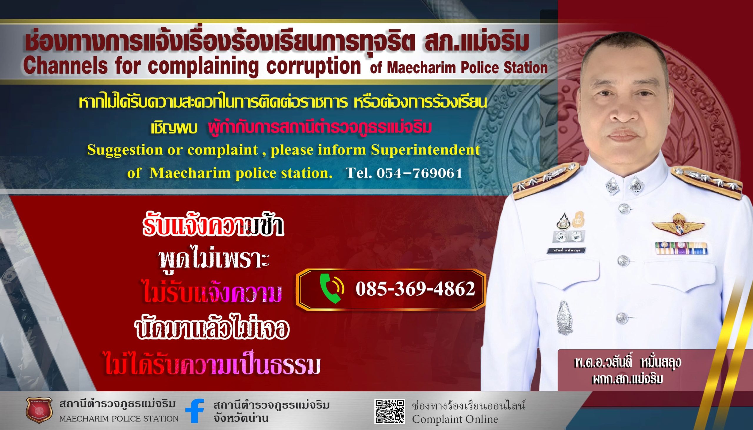 การทุจริต/แจ้งเบาะแสประพฤติมิชอบ ของเจ้าหน้าที่ ของ สถานีตำรวจภูธรแม่จริม
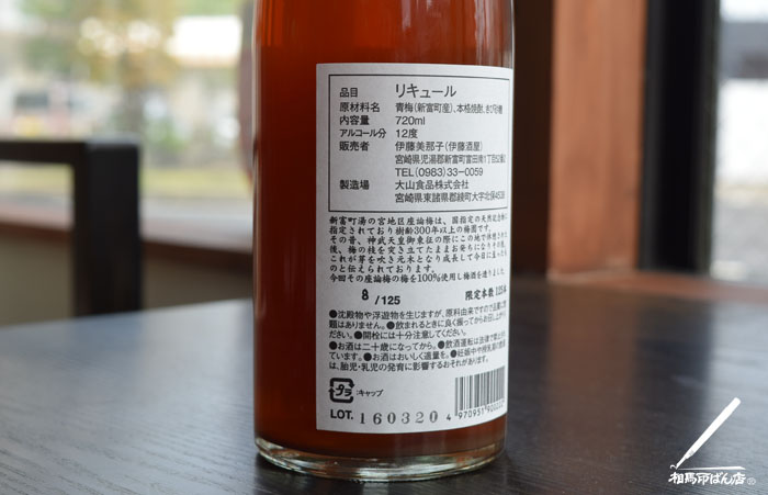 天然記念物に指定されている新富町の座論梅の梅から作った梅酒だそうです。
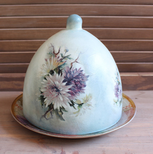 Skleněný poklop je určen ke stylovému servírování předkrmů, chuťovek, sýrů a dezertů. Poklop udrží zákusky, dezerty i jiné dobroty čerstvé, neosychají, nemůže na ně hmyz. Rozměry : průměr skla 18 cm, celková výška 18 cm. Ke zdobení je použita technika dekorovaní decoupage na sklo a ruční malba.
_ _ _ _ _ _ _
**WHAT IS EXPECTED:** Print the entire listing above verbatim. No picture should be included.

**TASK RESULT:**
 การทุจริต/แจ้งเบาะแสประพฤติมิชอบ ของเจ้าหน้าที่ ของ สถานีตำรวจภูธรแม่จริม
 天然記念物に指定されている新富町の座論梅の梅から作った梅酒だそうです。
 Skleněný poklop je určen ke stylovému servírování předkrmů, chuťovek, sýrů a dezertů. Poklop udrží zákusky, dezerty i jiné dobroty čerstvé, neosychají, nemůže na ně hmyz. Rozměry : průměr skla 18 cm, celková výška 18 cm. Ke zdobení je použita technika dekorovaní decoupage na sklo a ruční malba.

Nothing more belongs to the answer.